John Alexander Fraser Roberts CBE FRS FRSE FRCP FRAI (1899–1987) was a 20th-century British geneticist and psychiatrist.

Life

He was born on 8 September 1899 at Foxhall at Henllan near Denbigh in Wales, the first son of Robert Henry Roberts (1868-1951) a farmer, and his wife, Elizabeth (Lily) Mary Fraser.
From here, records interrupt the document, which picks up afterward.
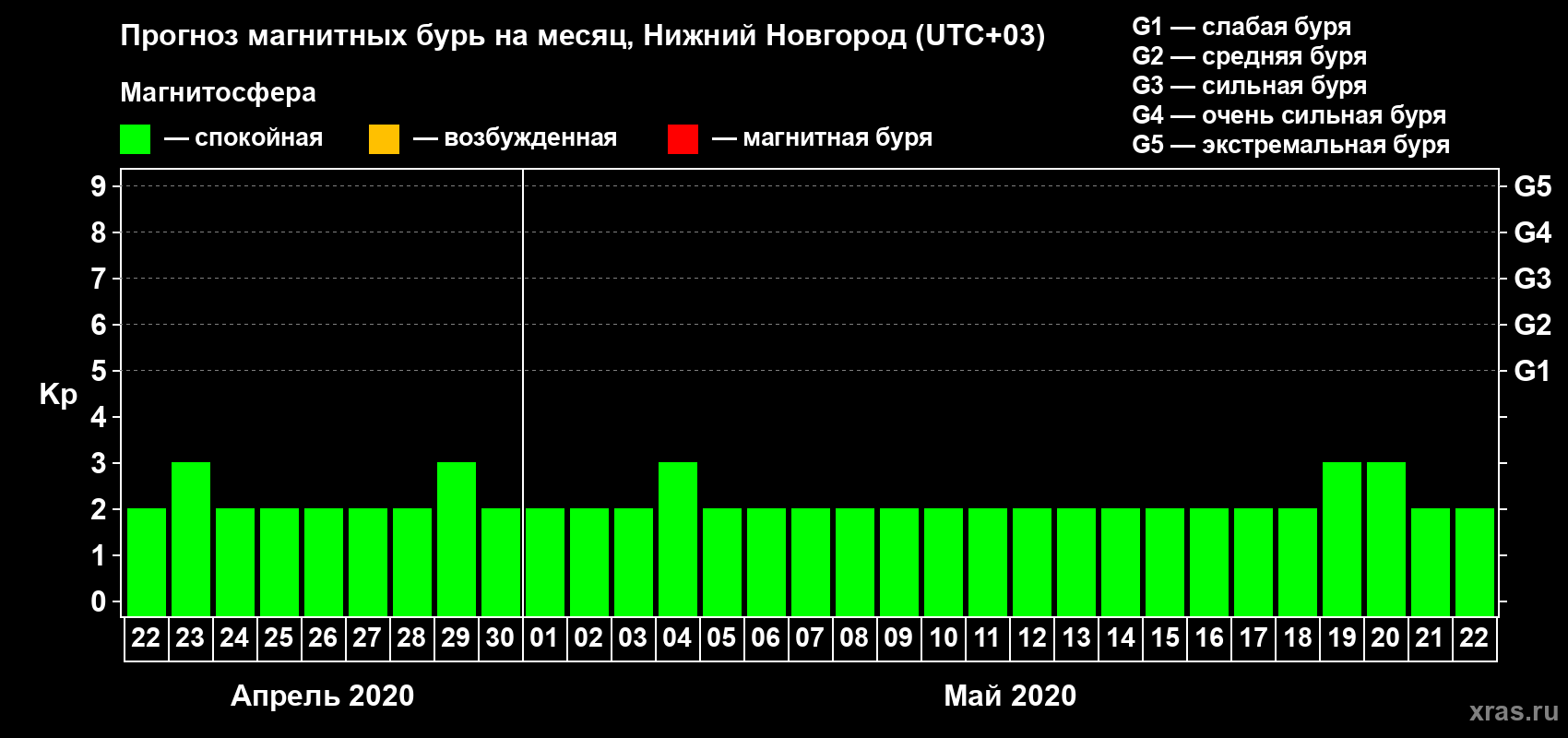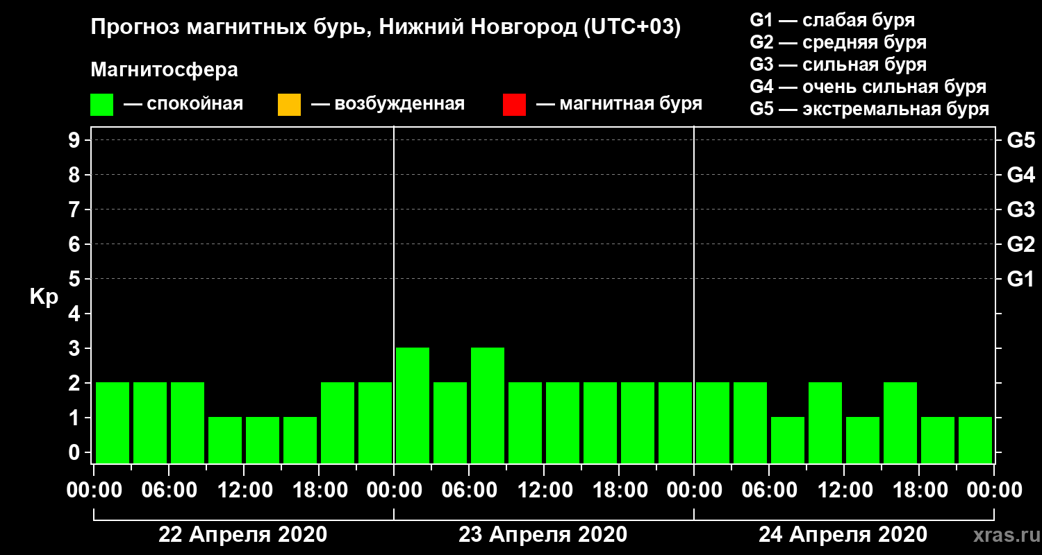 Прогноз магнитных бурь Нижнем Новгороде на 22 апреля 2020 года
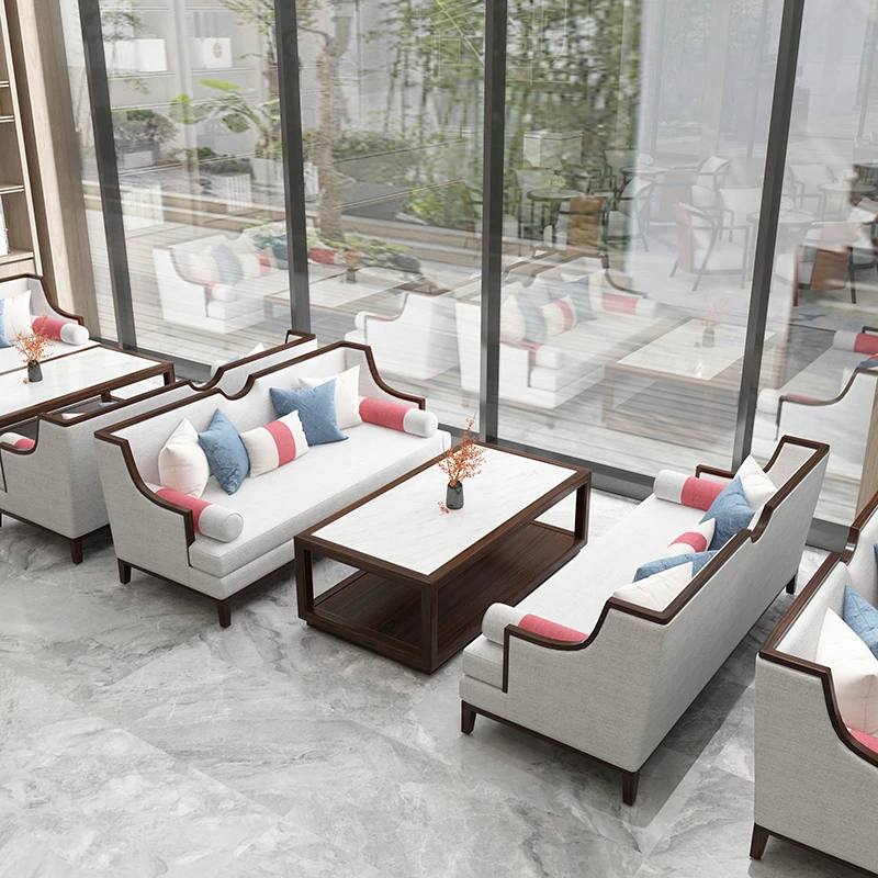 Modern New Chinese Style Solid Wood Sofa Set for Sales Office - Double Three-Person Reception Booth Furniture for Hotels and Clubs
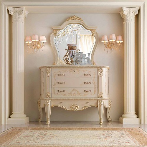 Особенность итальянской спальной мебели — эффектные изголовья кроватей. Их делают из натурального дерева, обивают бархатистым велюром или натуральной кожей, декорируют каретной стяжкой, зеркальными вставками, встроенной светодиодной подсветкой. Помимо классических моделей с прямоугольным изголовьем производители предлагают необычные — в виде губ, резной ракушки. Вам не придется искать красивые аксессуары для спальни, ведь такая кровать будет главным украшением.
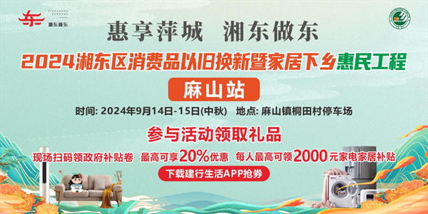第二场家居下乡活动展会,将于9月14日-15日在麻山镇桐田村停车场举办。扫码抢百万消费券、好礼抽奖、转发推文送大礼等活动在等着你。现场还有各大品牌的不同优惠及特价产品,千万别错过!
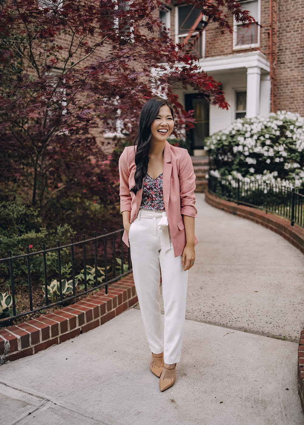 So work attire is still very much relevant to me, even though things have been skewing on the casual side in the office (I’ve interacted with the same 4-5 people in person for the past two months – the rest are all virtual). I added this pink blazer to my wardrobe back in February and loved it so much I also got it in khaki. I love the 3/4 sleeves, which I think it super flattering for petites. I love it against a pair of crisp white pants and a pop of floral.
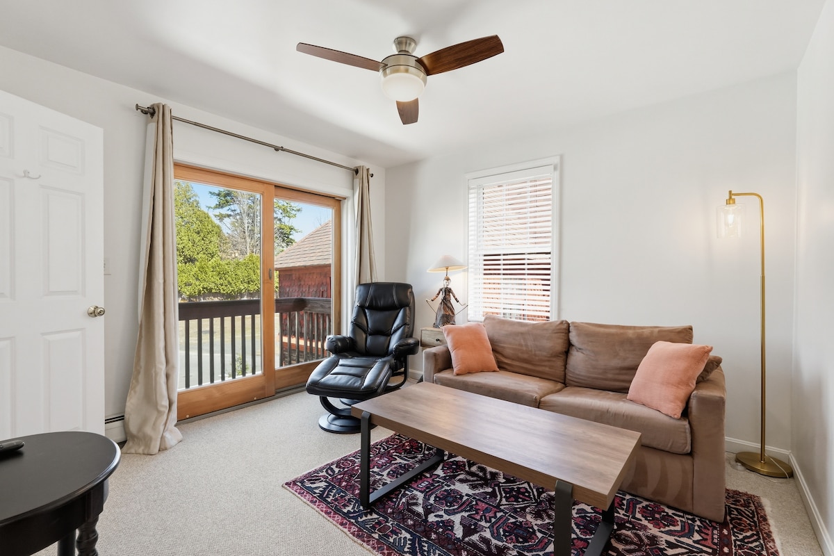 Lumineux, récemment rénové, luxueusement meublé, appartement bordé d'arbres à quelques pas du centre-ville animé de Northampton. Portes vitrées coulissantes ouvertes sur un joli balcon donnant sur les arbres et les toits. Plan d'étage ouvert, cuisine boucherie-repas, lave-vaisselle, salon avec projecteur de cinéma, système de cinéma maison, canapé-lit queen. Chambre Queen spacieuse avec TV HD 42", coin bureau privé. Accès à la cour avec table à manger extérieure, piscine chauffée de 36 pieds, salle de sport de jeux. Lave-linge/sèche-linge au sous-sol. Stationnement hors rue.
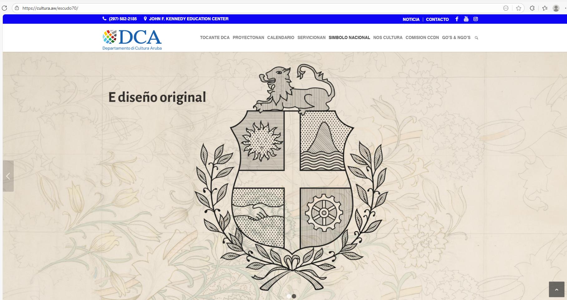E escudo di Aruba ta un simbolo di orguyo, union y historia — un refleho di nos balornan, nos identidad y nos progreso. DCA ta kere firmemente cu conocemento y aprecio pa nos simbolonan nacional ta fortifica e sentido di pertenencia y identidad cultural, particularmente den nos hubentud.
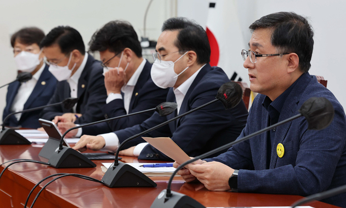 더불어민주당 김성환 정책위의장이 4일 대통령실 관저 공사 수의계약 특혜 의혹과 관련해 "내용을 더 검증해 봐야겠지만 이 정도면 거의 짜고 쳤다고 봐야 되지 않을까 싶다"고 말했다. 또 김건희 여사 논문 표절 의혹을 두고 "같은 대학에서. 문대성 논문은 안 되고 김건희 논문은 되는 이유가 뭔가"라고 비판했다.
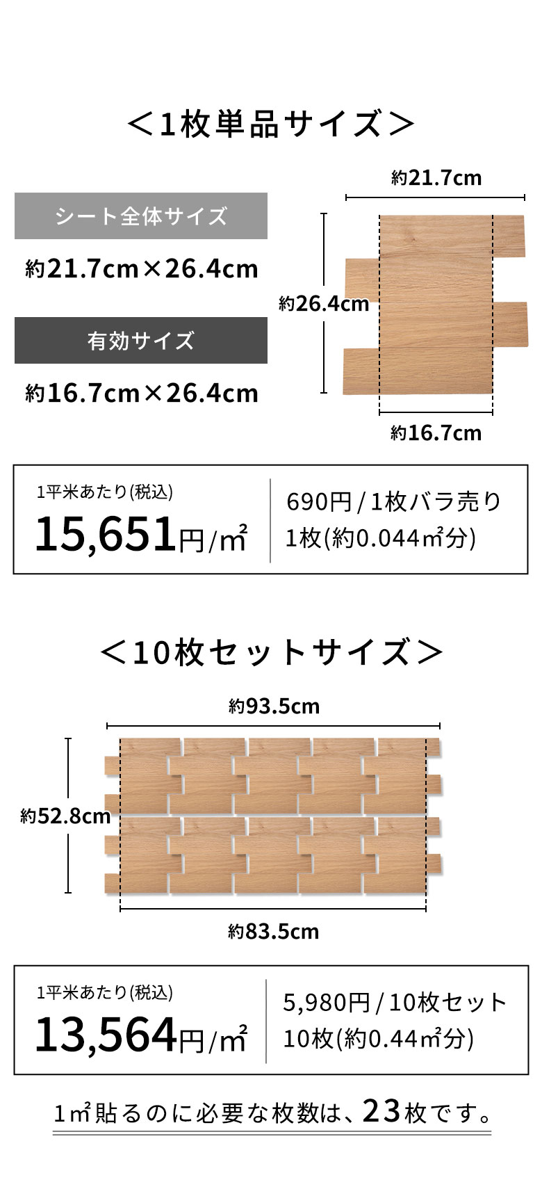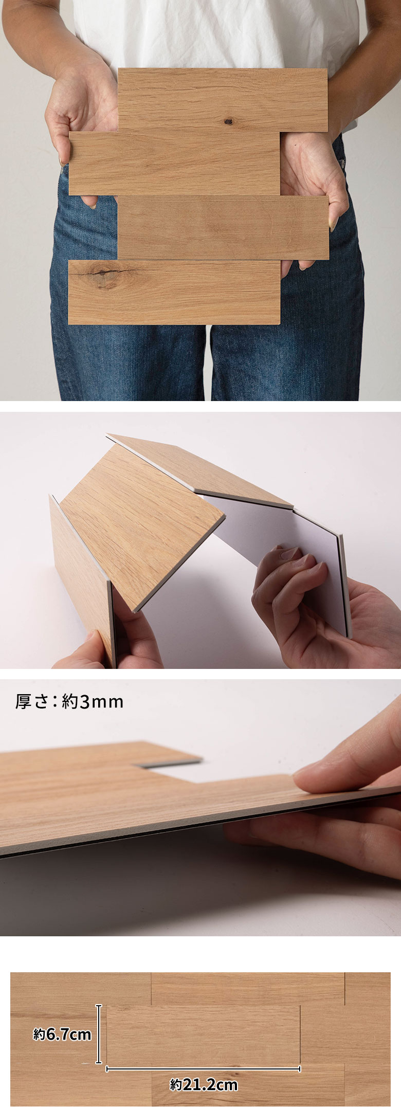 1枚あたり約300gの軽量設計は、施工時の負担を軽減し女性やDIY初心者でも扱いやすいのが特長。表面には、水や汚れに強いPVC素材を採用しお手入れも簡単。
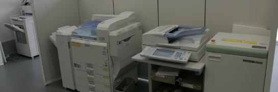 ■印刷室では聴覚障がい者の安全確認のため機械の運転状況を知らせるパトライトを設置。

His mother was the daughter of Alexander Fraser of Caernarfon, from a long line of Scottish Highland drapers. He was educated at Denbigh Grammar School. His studies of Sciences at Bangor University where interrupted by the First World War during which (due to age) he served only in the final year, as a 2nd Lieutenant in the Royal Welsh Fusiliers. Returning to Bangor he graduated BSc in 1920. He then went to Cambridge University graduating BA in 1922 and MA in 1925. With these new gained qualifications he joined the staff of Burden Mental Research Department at Stoke Park Colony in Bristol.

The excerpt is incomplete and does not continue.